Hayden Pack finally dens; Druids get bumped from their den site.

The wandering Hayden Pack finally denned. They went back to their traditional den near the Hayden Valley, which is also near the busy Canyon area in the Park.

People and wolf wise, this has never been a good den site because there is a lot of traffic nearby. The pack has always produced small crops of pups, although that doesn’t mean small numbers were necessarily born. It is possible, but just speculation, that all the human disturbance is the cause of the small number of pups seen come each June.

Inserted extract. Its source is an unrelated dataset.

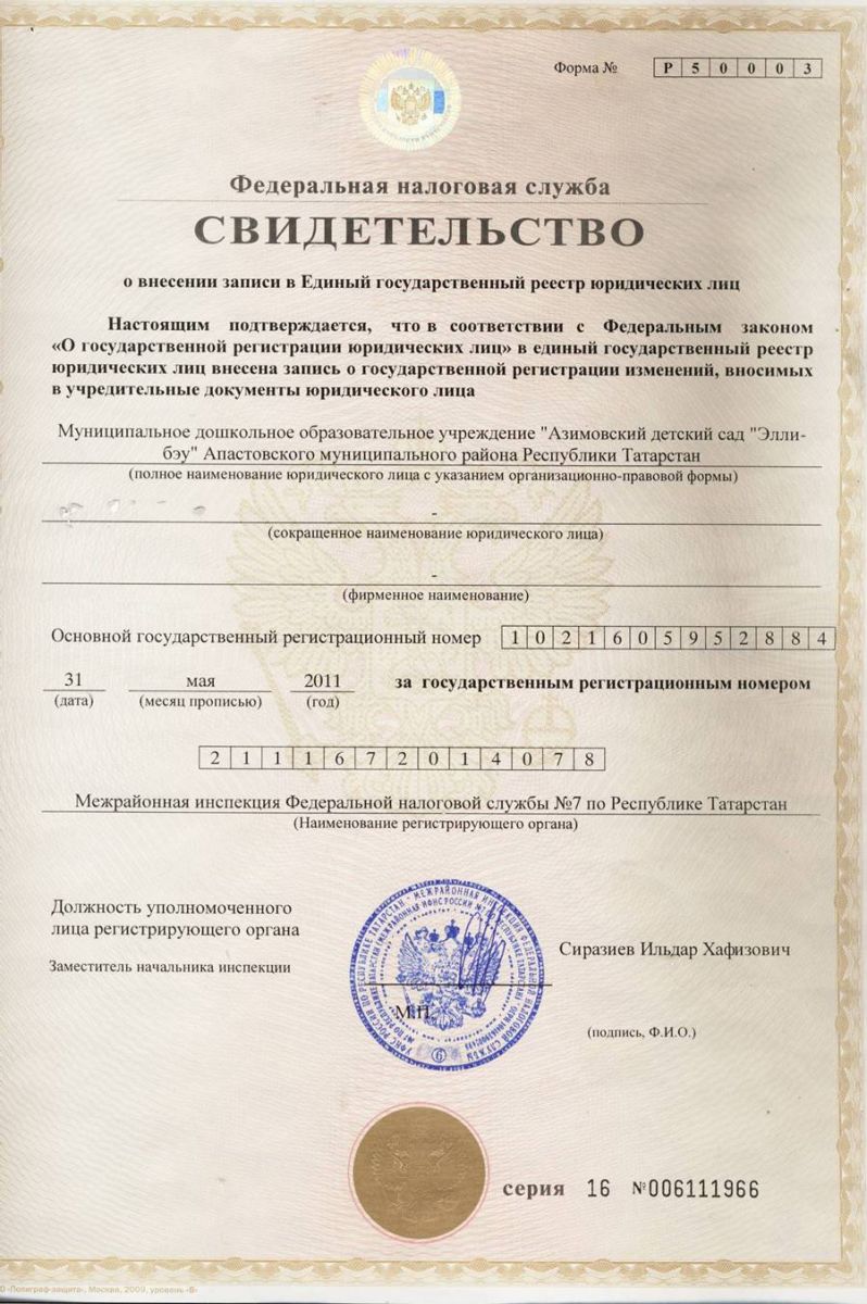 Устав МБДОУ "Азимовский детский сад "Элли-бэу"
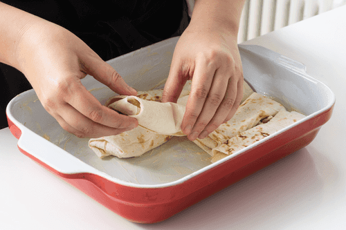 Grease the bottom of the baking dish with butter, and lay the lavash tubes seam side down in one layer.

A Hayden pack member. I think it is the alpha male. Photo copyright by Jennifer Porter. April 2007

The Druids denned up towards (or maybe it was in) the Lamar River. That is well away from the highway. Unfortunately, human campers inadvertently camped too close and bumped them off their den. Doug Smith told me he has identified a new den they have dug. It isn’t known if the move caused pup mortality.

In other park news, Mollies 497M was hit on the highway near LeHardy’s Rapids and died.

There is a new wolf pack denned at one of the old Swan Lake Pack’s den sites, but it is not the Swan Lake Pack. They left the Park, probably for good. The new pack is 4 black wolves and 2 gray wolves.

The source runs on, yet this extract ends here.